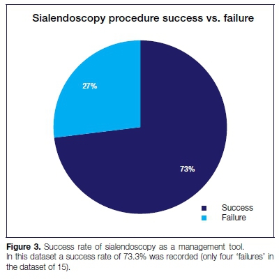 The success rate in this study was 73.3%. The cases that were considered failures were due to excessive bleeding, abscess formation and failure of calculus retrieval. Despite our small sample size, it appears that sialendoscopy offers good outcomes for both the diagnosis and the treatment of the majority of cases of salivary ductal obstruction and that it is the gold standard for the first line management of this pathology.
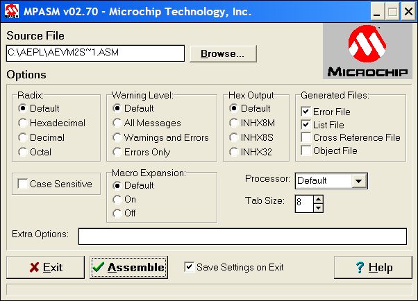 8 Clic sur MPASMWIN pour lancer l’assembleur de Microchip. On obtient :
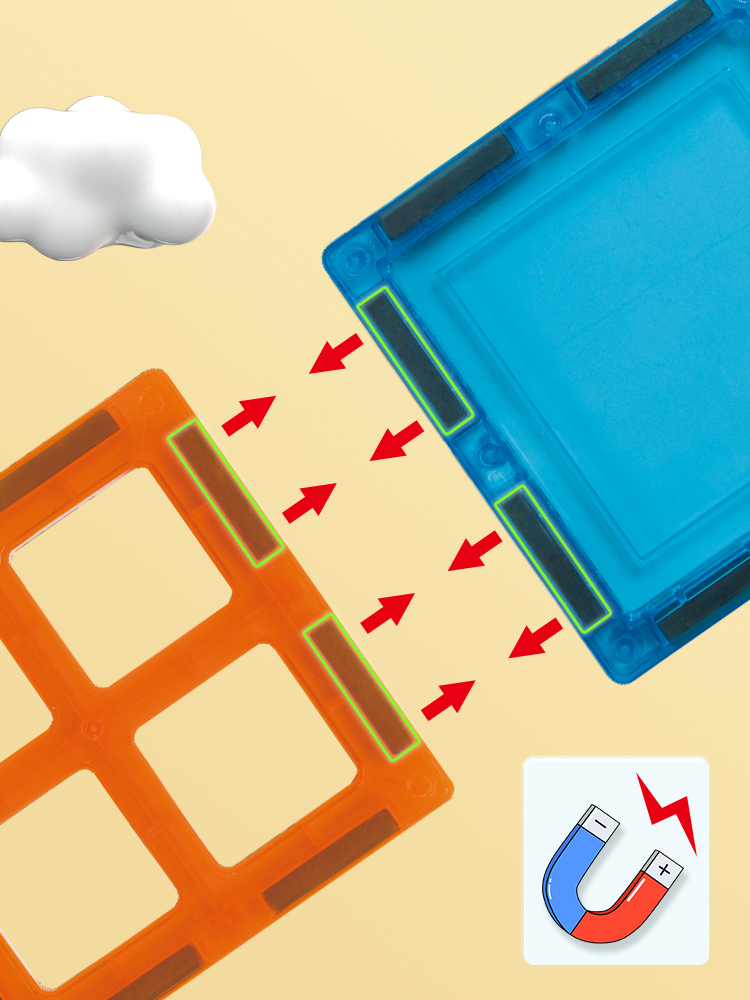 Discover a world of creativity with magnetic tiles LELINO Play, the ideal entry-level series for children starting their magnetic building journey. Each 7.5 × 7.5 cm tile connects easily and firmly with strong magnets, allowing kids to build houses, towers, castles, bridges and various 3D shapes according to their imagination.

-=-=-=-=-

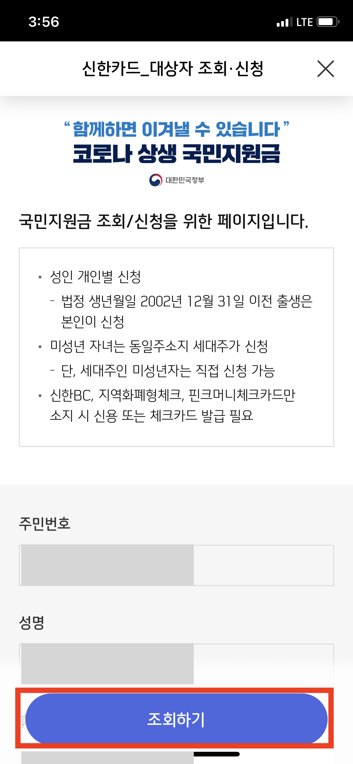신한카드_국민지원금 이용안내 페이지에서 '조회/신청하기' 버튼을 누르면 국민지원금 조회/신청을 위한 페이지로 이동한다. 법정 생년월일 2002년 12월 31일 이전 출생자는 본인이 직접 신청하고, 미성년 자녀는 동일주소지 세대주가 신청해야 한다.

-=-=-=-=-

• [What you are asked to do] Taking the records above, print only and exactly the lines from the line with "8 Clic sur MPASMWIN" to the line with "Discover a world", both kept, and exclude pictures.

• [Solution to this problem]
 8 Clic sur MPASMWIN pour lancer l’assembleur de Microchip. On obtient :
 Discover a world of creativity with magnetic tiles LELINO Play, the ideal entry-level series for children starting their magnetic building journey. Each 7.5 × 7.5 cm tile connects easily and firmly with strong magnets, allowing kids to build houses, towers, castles, bridges and various 3D shapes according to their imagination.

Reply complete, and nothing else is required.